1. Which metric would you use as a `key business output metric`for Olist  📈 ? 
2.  Which metric would you use to measure that a customer had a `good experience with Olist` 🙂 ? 
3. Which metric would you use to measure `shipping delay` 🕗?

For each metric, plot a trend line over time.
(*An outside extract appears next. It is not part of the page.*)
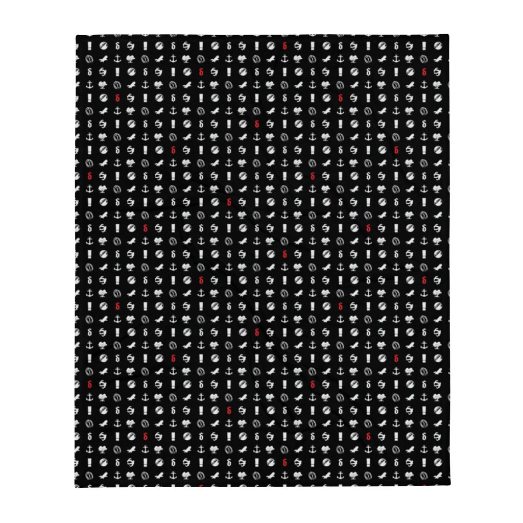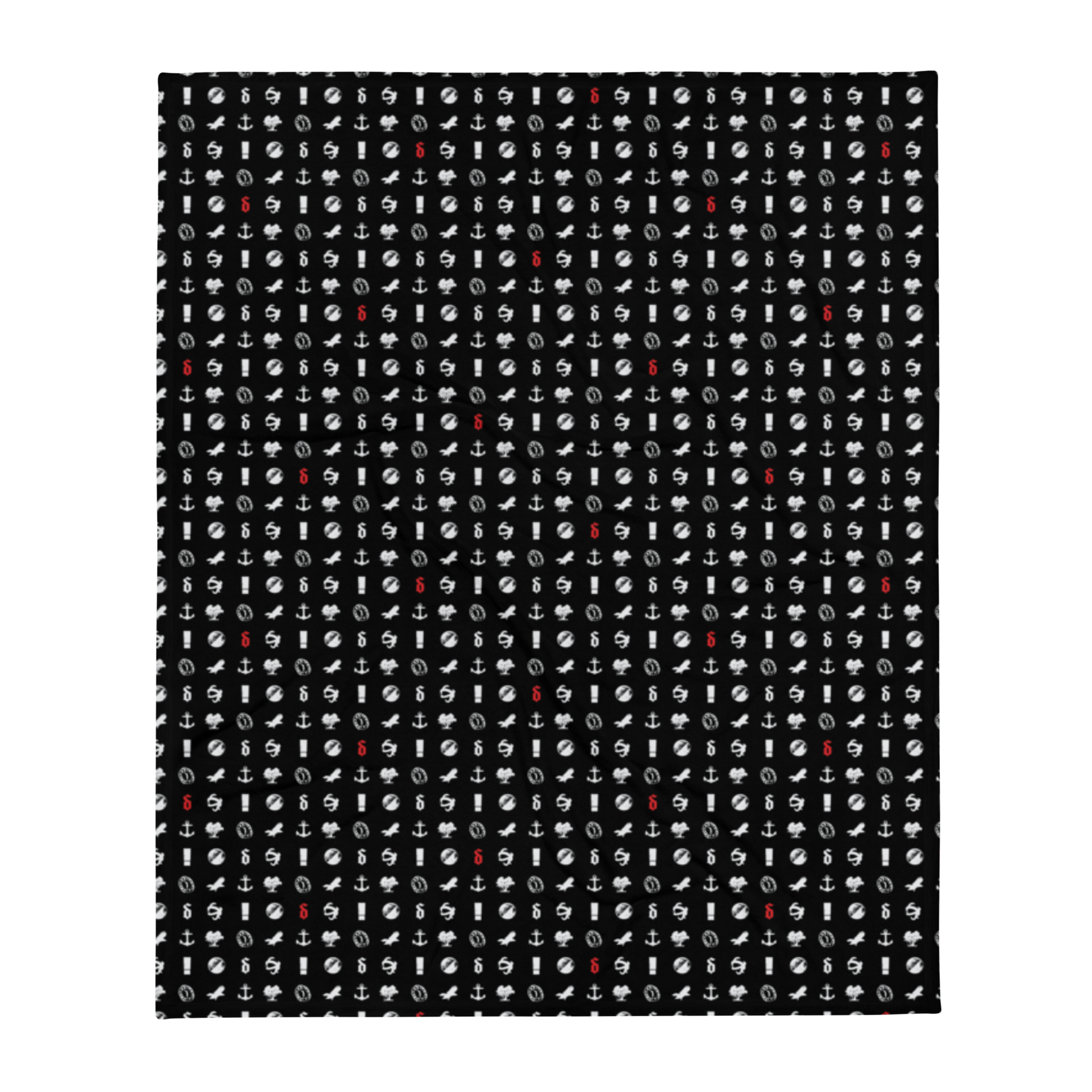 The Legacy Throw Blanket from Shinedown measure 50"X60" and is 100% polyester and features a repeating pattern of icons representing the bands discography on the front.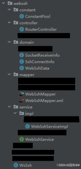 该代码示例展示了如何通过WebSocket与服务器建立连接会话,并建立SSH连接,实现网页上的XShell功能。它利用@OnOpen、@OnMessage等注解处理连接打开、消息接收等事件,并通过JsonDecoder进行JSON解码。同时,服务端的initConnection方法初始化SSH连接,receiveHandle方法处理客户端发送的数据,进行命令执行等操作。

### Metric 1: Order numbers

❓ Plot the weekly number of total orders per week (to check how business is going)  


In [0]:
# YOUR CODE HERE

❓ Visualize the weekly number of non-delivered orders (to check for any potential issues)

<details>
    <summary><i>- Hint - </i></summary>    
    
* Convert dates to Python `datetime` objects  
* You can use the built-in `pandas.Series.resample() tool from `pandas` to group your dataset by weeks
    
</details>

In [0]:
# YOUR CODE HERE

### Metric 1-bis (optional): Total payment values
❓ After plotting the total number of orders, we could also have a look at the weekly sum of `payment_value` in `BRL` to approximate Olist's weekly revenues.

In [0]:
# YOUR CODE HERE

💡 Merge the `payments` dataset with the `orders` dataset to collect the date of each payment.

In [0]:
# YOUR CODE HERE

⌛️ Once again, do not forget to handle datetimes properly

In [0]:
# YOUR CODE HERE

📈 Visualize the number of orders and total amount of payments per week

In [0]:
# YOUR CODE HERE

📈 *(Optional)* Plot the weekly number of orders and payments again with techniques you learned during the `Data Visualization` module :)

In [0]:
# YOUR CODE HERE

### Metric 2: Customer Satisfaction
❓ How does the `customer satisfaction` evolve on a monthly basis ? Use the mean average `review_score` to illustrate the customer satisfaction.

👉 Load the `reviews` :

In [0]:
# YOUR CODE HERE

⌛️ If you need to handle datetime, do it.

In [0]:
# YOUR CODE HERE

📉 Plot the customer satisfaction evolution over time

In [0]:
# YOUR CODE HERE

📉 *(Optional)* Plot the customer satisfaction evolution over time again with techniques you learned during the Data Visualization module :)

In [0]:
# YOUR CODE HERE

### Metric 3: Shipping delay

❓Create two new metrics, `delay_vs_expected` and `wait_time` in ***days***, from the `orders` dataset, and plot their historical evolution on a weekly basis to detect trends

<details>
    <summary> - <i>Hint</i> -</summary>

    
Ask `StackOverflow` to help you compute differences between `datetime`s in Python!
</details>

🛒 Let's focus on delivered orders so that we can compute the shipping delays:

In [0]:
# YOUR CODE HERE

⌛️ Datetime problems again ? Fix them ;)

In [0]:
# YOUR CODE HERE

👉 Compute the delay between the actual delivery date and the ETA for each order.

In [0]:
# YOUR CODE HERE

👉 Compute the waiting time between the actual delivery date and the moment a customer ordered their items

In [0]:
# YOUR CODE HERE

⌛️ How many orders were delivered later than expected ? <br/>
*You can also give an answer in terms of percentage if you prefer.*
<details>
    <summary><i>- Hint - </i></summary>

    
You can create a `boolean_feature` which is :
* True when actual_delivered_date > ETA $\leftrightarrow$ actual_delivered_date - ETA > 0
* False otherwise
    
</details>




In [0]:
# YOUR CODE HERE

* On average, 8% of the orders are delivered after the ETA ⌛️

* Let's find which weeks were the worst 👇
    1. Aggregate the dataset per week
    2. Compute the percentage of orders delivered lately each week

In [0]:
# YOUR CODE HERE

📈 Plot the `number of delays` and `percentage of delayed orders` per week

In [0]:
# YOUR CODE HERE

#### Delay Analysis

📈 📉 From the previous graph, Olist experienced major lateness issues on 3-4 weeks ⚠️...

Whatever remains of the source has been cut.